In this section we will see how to use the
Rust sort()
function.
The following code sorts
a vector in increasing order:
#![allow(unused)] fn main() { let mut v = vec![4,2,5,3,5,8,3]; v.sort(); println!("{v:?}"); }
After the sorting, the contents of the
vector will be
[2,3,3,4,5,5,8]
.
The default sorting order is increasing,
but a reverse order is possible as follows:
#![allow(unused)] fn main() { let mut v = vec![4,2,5,3,5,8,3]; v.sort(); v.reverse(); println!("{v:?}"); }
The following code sorts the string s
:
#![allow(unused)] fn main() { let mut s = "monkey"; let mut s: Vec<_> = s.chars().collect(); s.sort(); println!("{}", s.iter().collect::<String>()); }
Sorting a string means that the characters of the string are sorted. For example, the string monkey becomes ekmnoy.
Sort_unstable()
The particularity of sort()
function is that when two elements of the slice are equals then it doesn't reorder them.
For this reason sort()
function is considered stable.
Current implementation of sort()
is adaptive and try to use best algorithm for each case, it is currently based on iterative merge sort inspired by timsort1. In most of case (except for the case when the slice is very short) it allocate half the size of the slice.

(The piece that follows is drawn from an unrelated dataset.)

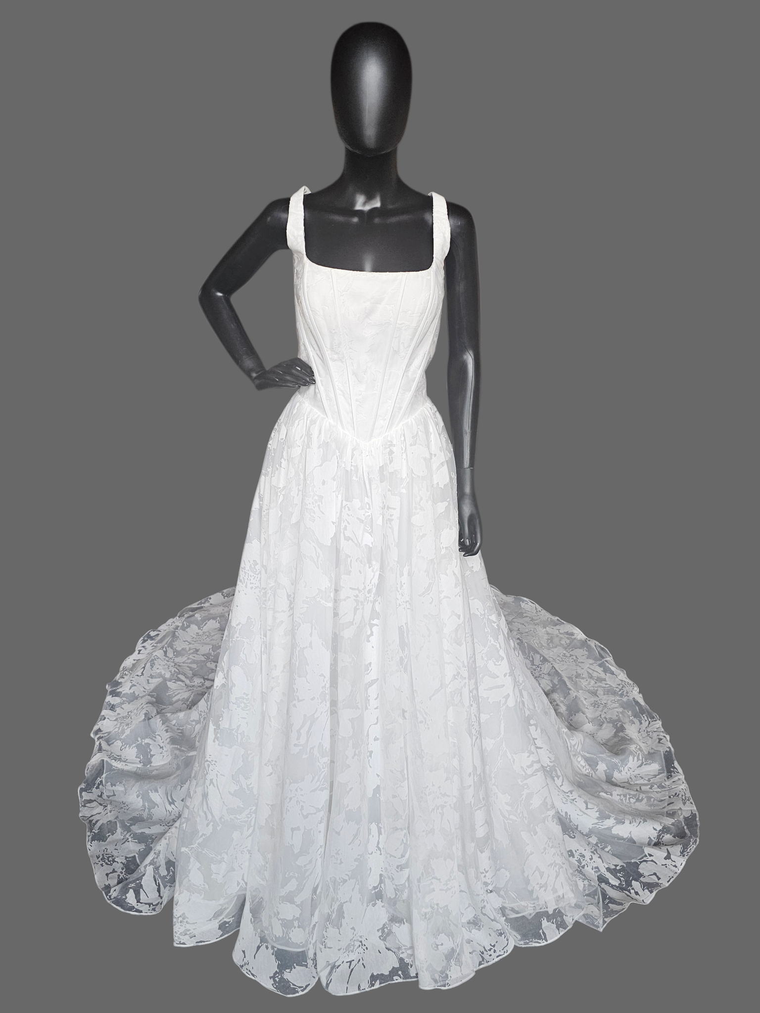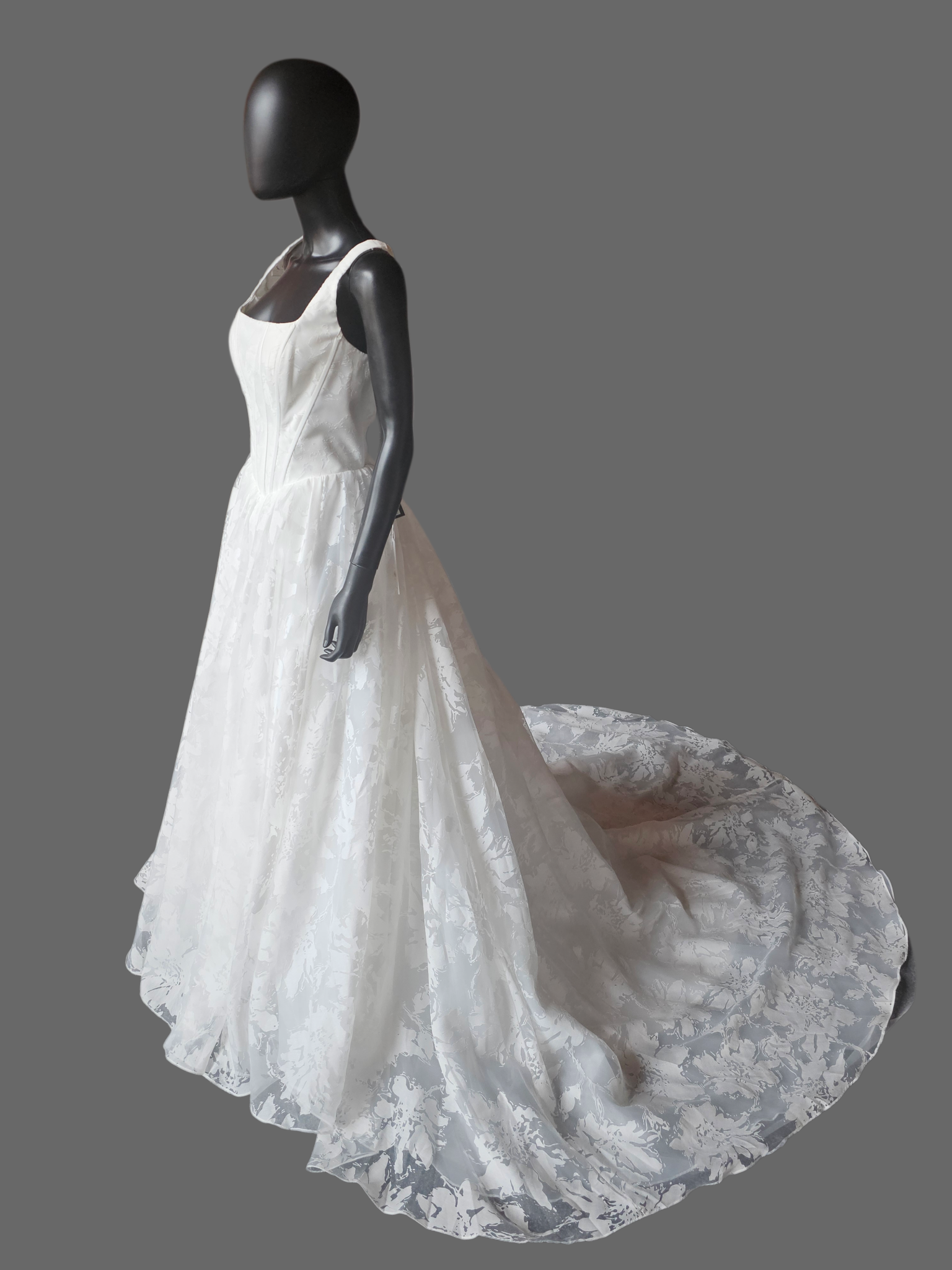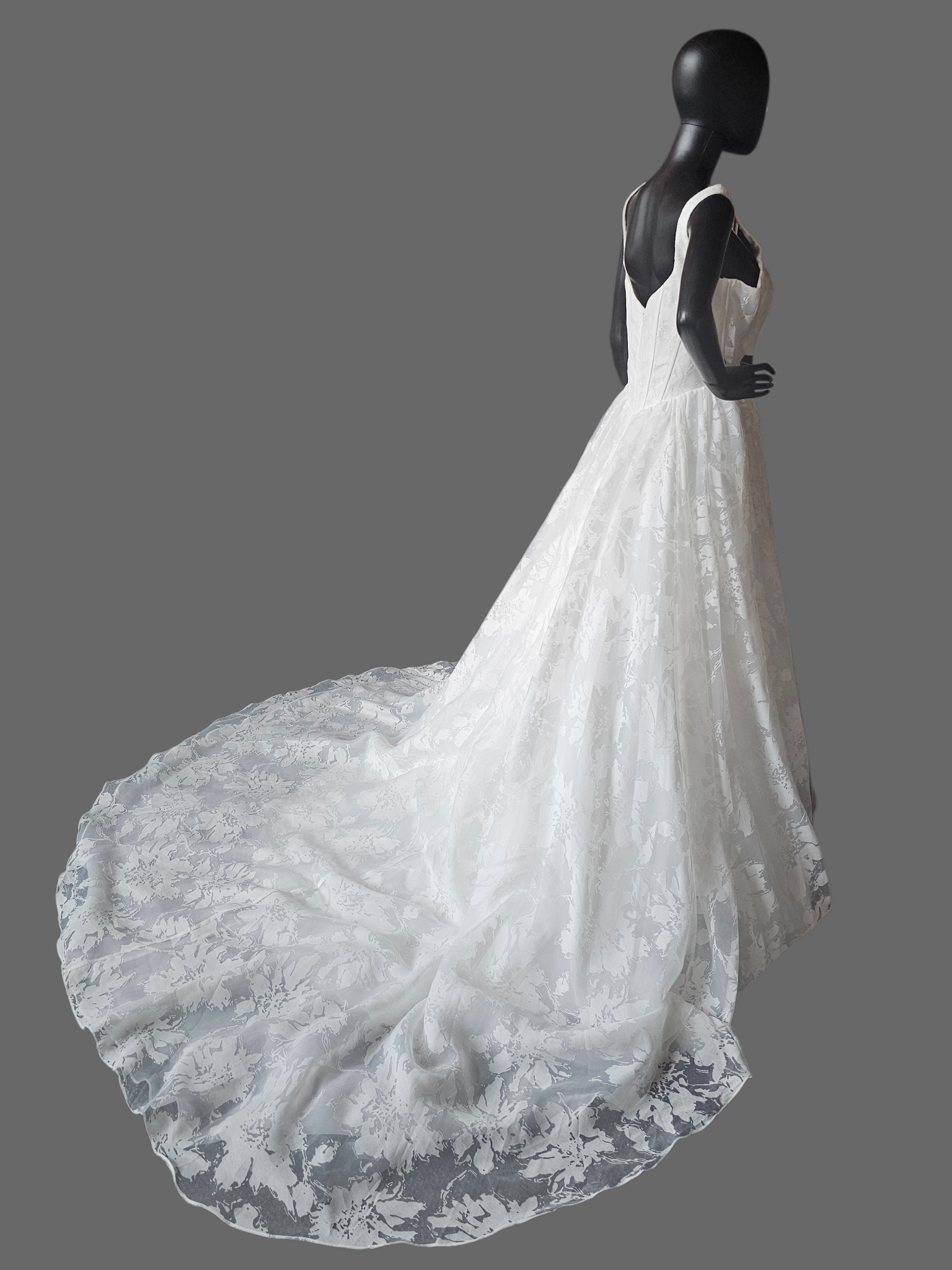 Ivory Floral Burnout Basque Waist Square Neckline Wedding Gown - Tania Olsen NWT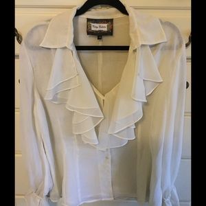 Double layered throughout. Beautiful with my lace skirt listing. 💯% polyester. Worn once - too big but oh, so pretty! Bought on sale for $80 SAN Antonio Rodeo in March. I found receipt for this - $80! Make a reasonable offer!

If the stability of the sorting algorithm is not a requirement you can use sort_unstable()
that is tipically faster than the stable version. This function is in-place (it does not allocate) the algorithm is based on pattern-defeating-quicksort2
Comparison trait
The function sort
requires that Ord
, PartialOrd
, PartialEq
traits are defined for the data type
of the elements to be sorted.
When sorting, these traits will be used
whenever it is necessary to find out the order of two elements.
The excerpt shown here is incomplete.